In 1994, Rwanda experienced a genocide that killed between 800,000 and 1.2 million people in approximately one hundred days.1 GDP declined by more than forty percent that year. The country's institutional, economic, and social infrastructure was destroyed.
Under President Paul Kagame, Rwanda launched Vision 2020 at the turn of the millennium, a strategic plan to rebuild the country and reach middle-income status.2 Between 2001 and 2015, real GDP growth averaged approximately eight percent annually.3 GDP per capita tripled from roughly $250 in the early 2000s to over $800 by 2018. Poverty fell from seventy-eight percent after the genocide to thirty-eight percent by 2017.
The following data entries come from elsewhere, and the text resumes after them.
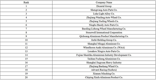 The following table shows the Top 20 domestic tire manufacturers in terms of alloy wheel exports in January-June: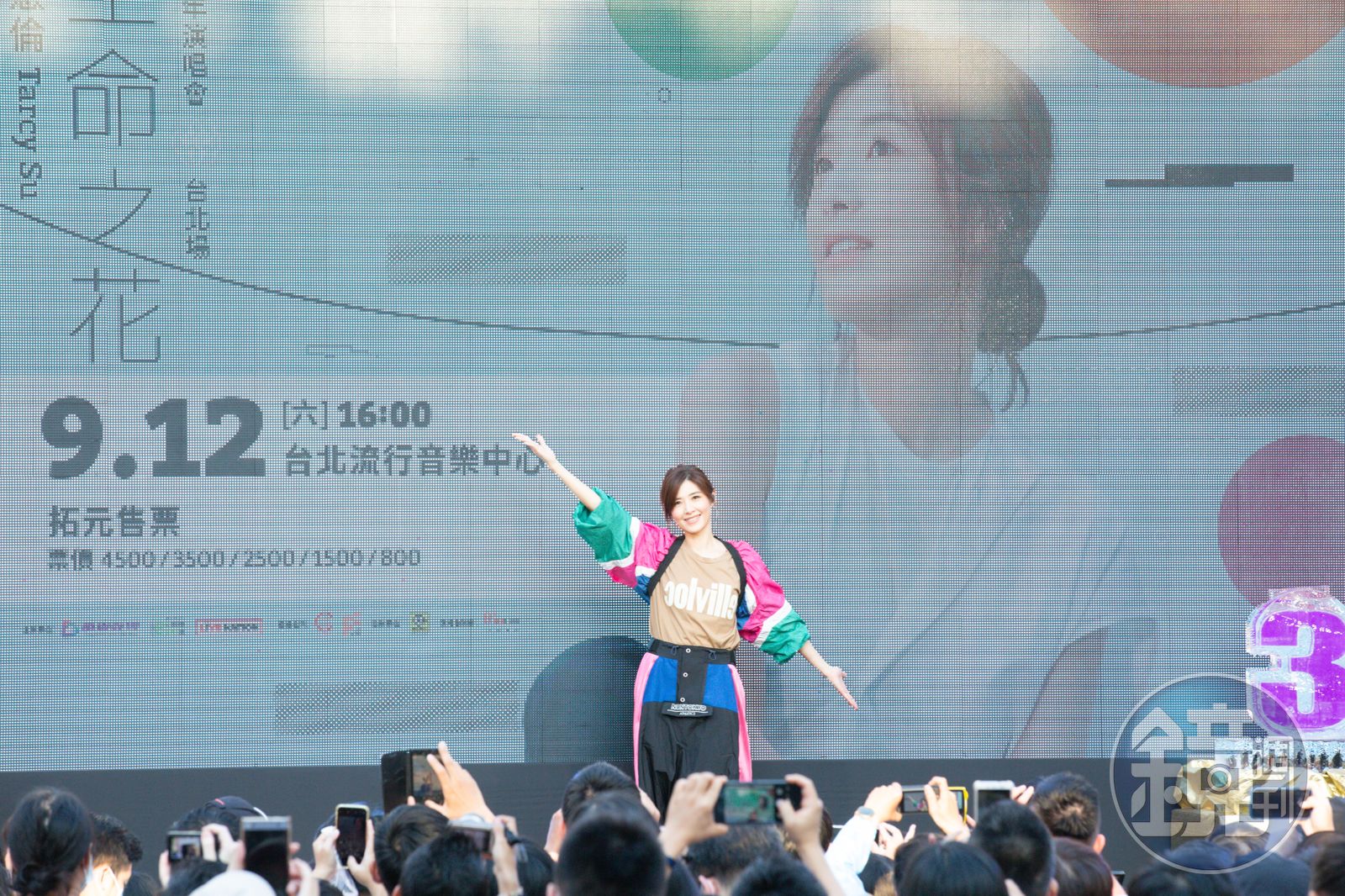 提及演唱會進度,她不知是因壓力大或是天氣太熱,睡得比較少,希望能改善睡眠品質,獲得一夜好眠,目前對舞台造型有點傷腦筋。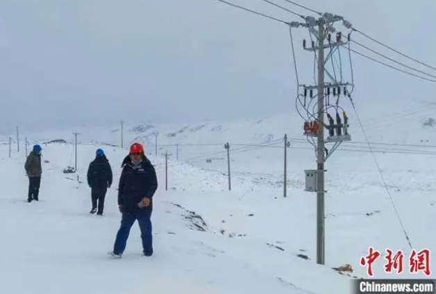 西藏山南错那县电力工作人员巡护线路。 国网西藏电力有限公司 供图

The World Bank's Doing Business index ranked Rwanda twenty-ninth in 2019, the only low-income country in the top thirty, ahead of France, Russia, and Spain.4 The Rwanda Development Board, formed in 2008, served as a one-stop shop for business regulations and foreign investment, overseeing more than two billion dollars in investments in 2018.
Vision 2050, launched in December 2020, set new targets: upper-middle-income status by 2035 and high-income status by 2050.5 Life expectancy, which had collapsed during the genocide, exceeded sixty-seven years by 2018, far above the average for countries at similar income levels. The transformation involved trade-offs, including restrictions on political pluralism and press freedom, that remain the subject of ongoing international debate.